I made this look harder than it really is. I was just trying to show you that it follows from the definitions, not any intuition. But it’s obvious: if you have $n$ events that are equally likely, each one has probability $1/n.$

Example 1. Suppose we have a coin that can land either heads up or tails up—let’s ignore the possibility that it lands on its edge! Then

$X = \{ H, T\}$

If we assume these two events are equally probable, we must have

$\displaystyle{ p_H = p_T = \frac{1}{2} }$

Note I said “if we assume” these two events are equally probable. I didn’t say they actually are! Are they? Suppose we take a penny and flip it a zillion times. Will it land heads up almost exactly half a zillion times?

Probably not! The treasury isn’t interested in making pennies that do this. They’re interested in making the head look like Lincoln, and the tail look like the Lincoln national monument:

Or at least they used to. Since the two sides are different, there’s no reason they should have the exact same probability of landing on top.

In fact nobody seems to have measured the difference between heads and tails in probabilities for flipping pennies.
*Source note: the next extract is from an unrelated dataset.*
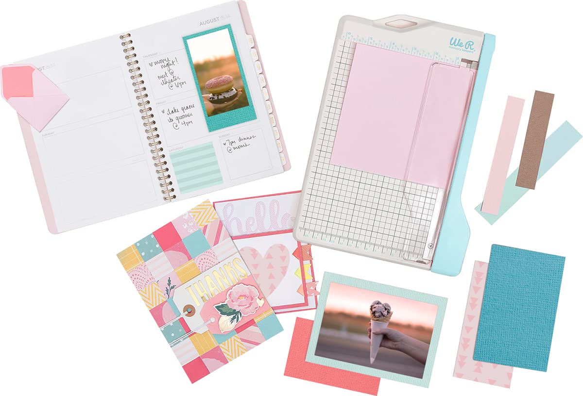 We R Memory Keepers Mini guillotina cortadora de papel – Azul, cortador de papel compacto, rejilla de 1/4 de pulgada para corte de precisión, corta hasta 3 hojas, perfecto para hacer tarjetas, diarios y pequeños proyectos de manualidades

For hand-flipped pennies, it seems whatever side that starts on top has a roughly 51% chance of landing on top! But if you spin a penny, it’s much more likely to land tails up:

The coin flip: a fundamentally unfair proposition?, Coding the Wheel.

Example 2. Suppose we have a standard deck of cards, well-shuffled, and assume that when I draw a card from this deck, each card is equally likely to be chosen. What is the probability that I draw the ace of spades?

If there’s no joker in the deck, there are 52 cards, so the answer is 1/52.

Let me remind you how a deck of cards works: I wouldn’t want someone to fail the course because they didn’t ever play cards! Here are the 52 cards in a standard deck. Here’s what they all look like (click to enlarge):

As you can see, they come in 4 kinds, called suits. The suits are:

• clubs: ♣

diamonds: ♦

hearts: ♥

Two suits are black and two are red. Each suit has 13 cards in it, for a total of 4 × 13 = 52. The cards in each suit are numbered from 1 to 13, except for four exceptions. They go like this:

A, 2, 3, 4, 5, 6, 7, 8, 9, 10, J, Q, K

A stands for ‘ace’, J for ‘jack’, Q for ‘queen’ and K for ‘king’.

### Probabilities of subsets

If we know a probability distribution on a finite set $X$, we can define the probability that an event in some subset $S \subseteq X$ will occur. We define this to be

$\displaystyle{p(S) = \sum_{i \in S} p_i }$

For example, I usually have one of three things for breakfast:

$X = \{ \textrm{oatmeal}, \textrm{waffles}, \textrm{eggs} \}$

I have an 86% chance of eating oatmeal for breakfast, a 10% chance of eating waffles, and a 4% chance of eating eggs and toast. What’s the probability that I will eat oatmeal or waffles? These choices form the subset

$S = \{ \textrm{oatmeal}, \textrm{waffles} \}$

and the probability for this subset is

$p(S) = p_{\textrm{oatmeal}} + p_{\textrm{waffles}} = 0.86 + 0.1 = 0.96$

Here’s an example from cards:

Example 2. Suppose we have a standard deck of cards, well-shuffled, and assume that when I draw a card from this deck, each card is equally likely to be chosen. What is the probability that I draw a card in the suit of hearts?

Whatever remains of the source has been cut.